Les restaurants japonais, dans leur très grande majorité, proposent des menus sushis et yakitori (parfois ensemble dans un même menu, ce qui n’est pas représentatif de la consommation habituelle japonaise). Les prix pratiqués dépendent de l’enseigne ainsi que du type de produits ou de la formule choisie (menu ou à la pièce). Cela dépend également du type de distribution. En effet, le taux de TVA étant plus faible en livraison, les enseignes ont un arbitrage à réaliser : maintenir les mêmes prix quel que soit le type de distribution (le taux de marge varie quand la TVA varie) ou fixer des prix plus faibles dans le cas d’une livraison à domicile afin de maintenir un taux de marge constant (les prix varient quand la TVA varie). Généralement, chez les enseignes de type bars à sushi avec possibilité de livraison, les formules de menu pour le midi ou les « lunch boxes » coûtent entre 10 et 15 euros et comprennent entre 12 et 18 pièces (au choix sushi, spring rolls, maki, california, edamame, salade de chou, soupe miso…). A la pièce, le prix d’un sushi varie généralement entre 1,90 euros (pour un simple sushi de saumon) et 3,50 euros pour un sushi d’anguille ou de bœuf snacké par exemple. Les maki, quant à eux, sont traditionnellement vendus par 6, avec des prix oscillant entre 4,60 euros pour des maki simples de saumon à 7,50 euros par exemple pour des maki à l’anguille. Pour les corners ou les kiosques présents en GMS, on trouve des assortiments de 6 sushi aux alentours de 9,50 euros, 6 maki entre 3,80 euros et 5,50 euros, ou encore des box de 13 pièces pour 10,90 euros.

3.Production et distribution

Distribution

Le canal de distribution de sushi majoritaire en Belgique reste la restauration traditionnelle (restaurants japonais ou bars à sushi indépendants), via laquelle les consommateurs choisissent de manger sur place ou à emporter.

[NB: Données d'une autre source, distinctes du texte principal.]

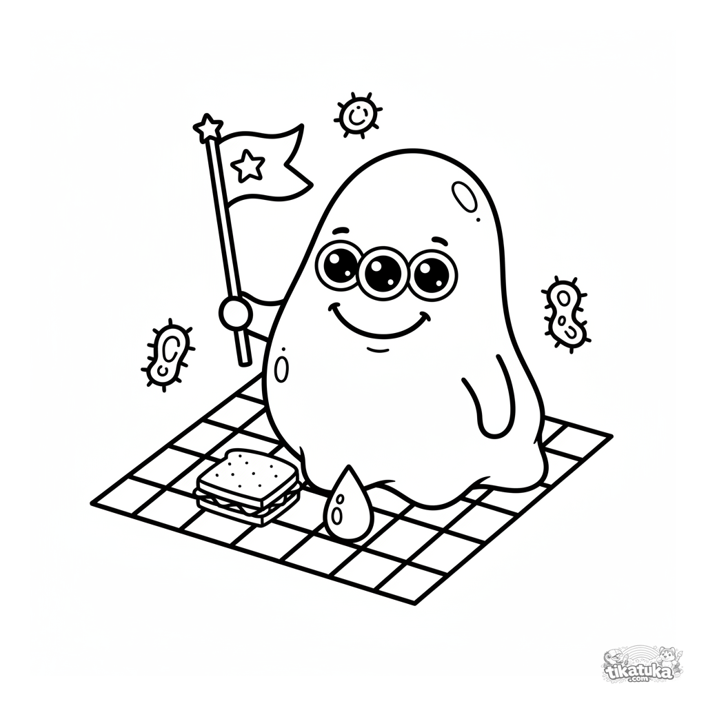 Lustiges Ausmalbild für Kleinkinder: Eine freundliche Amöbe macht ein Picknick. Für 2-5 Jahre. Einfache, große Formen.
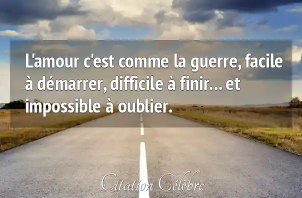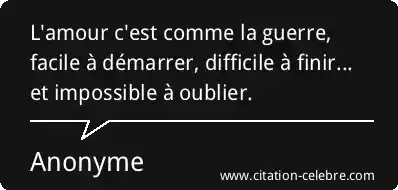 L'amour c'est comme la guerre, facile à démarrer, difficile à finir... et impossible à oublier.
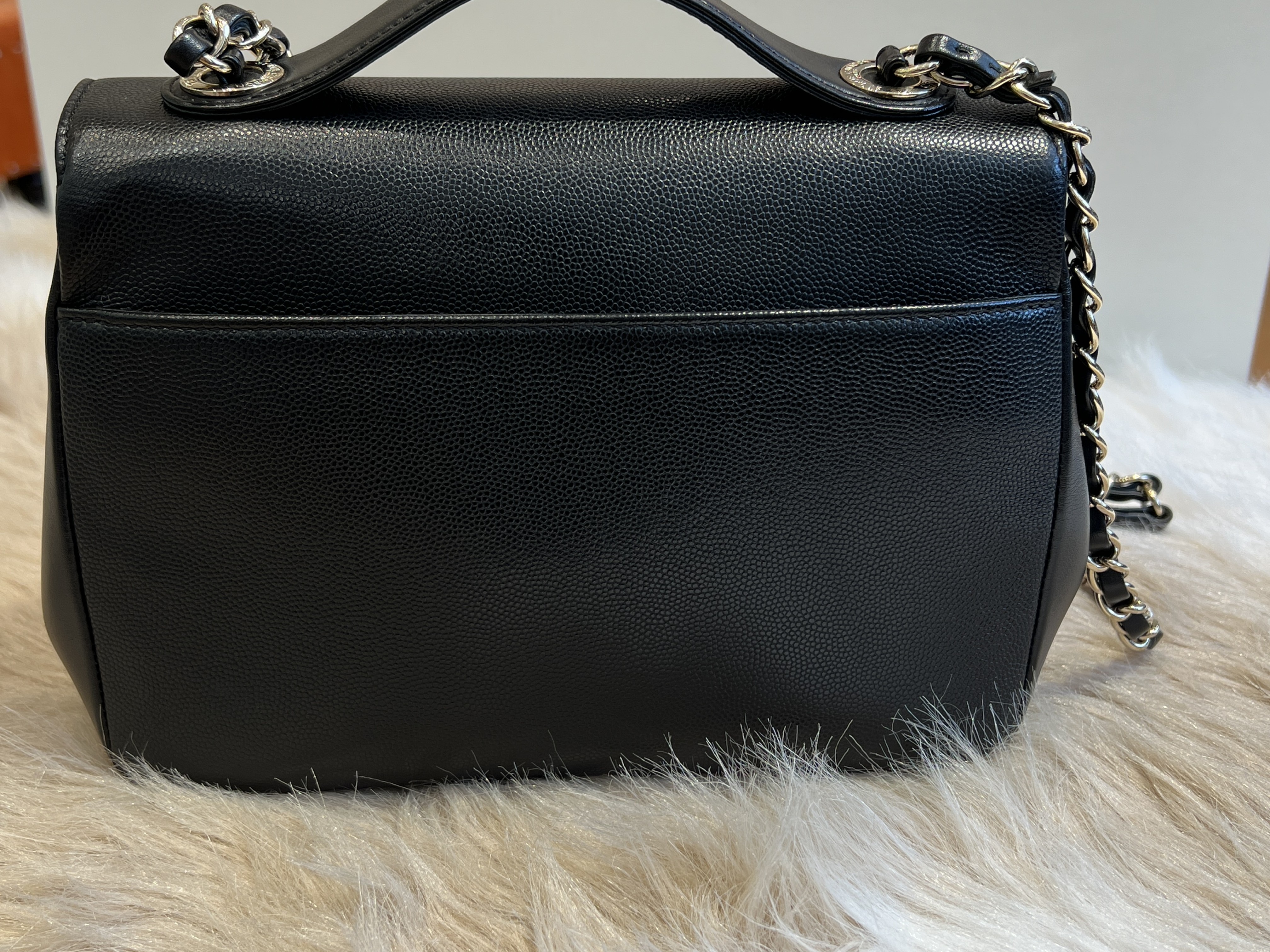 Elegant top-handle design with classic Chanel silhouette

D’après le journal La Libre , on constate en Europe un envol phénoménal du nombre de restaurants japonais, en hausse de 90% depuis 2013. En Belgique, le nombre de restaurants japonais est passé de 140 en 2013 à 200 en 2015, alors qu’il y a une dizaine d’années, il n’existait qu’une seule enseigne à Bruxelles pour manger des ramen.

Avec l’essor des nouveaux services de livraison alimentaires très présents dans les grandes villes belges, comme Deliveroo, UberEtas, Kamoon, il y a aujourd’hui une infinité d’options de plats qui peuvent être livrés, dont les sushi. La vente à emporter et la livraison à domicile ou au lieu de travail est un canal de distribution très important dans la vente des sushis en Belgique.

Parmi les canaux de distribution non traditionnels, on trouve désormais des points de vente en grande distribution. C’est un marché qui, en Belgique, est trusté par Sushi Daily (enseigne présente en Belgique depuis 2011) qui dispose de nombreux de kiosques implantés dans les Carrefour (Hyper et Market). Chez l’hypermarché Delhaize, ce sont les corners de la marque Sushi Gourmet qui occupent les lieux. Un développement du concept est également prévu dans les points de vente de proximité.

Des corners se développent également en gare : le hall de la Gare du Midi à Bruxelles compte maintenant une franchise de l’enseigne Sushi Shop, qui occupe un corner situé face à l’entrée de l’Eurostar. Il s’agit d’une concession de la SNCB qui a fait l’objet d’un appel d’offre, signée pour une période de 8 ans.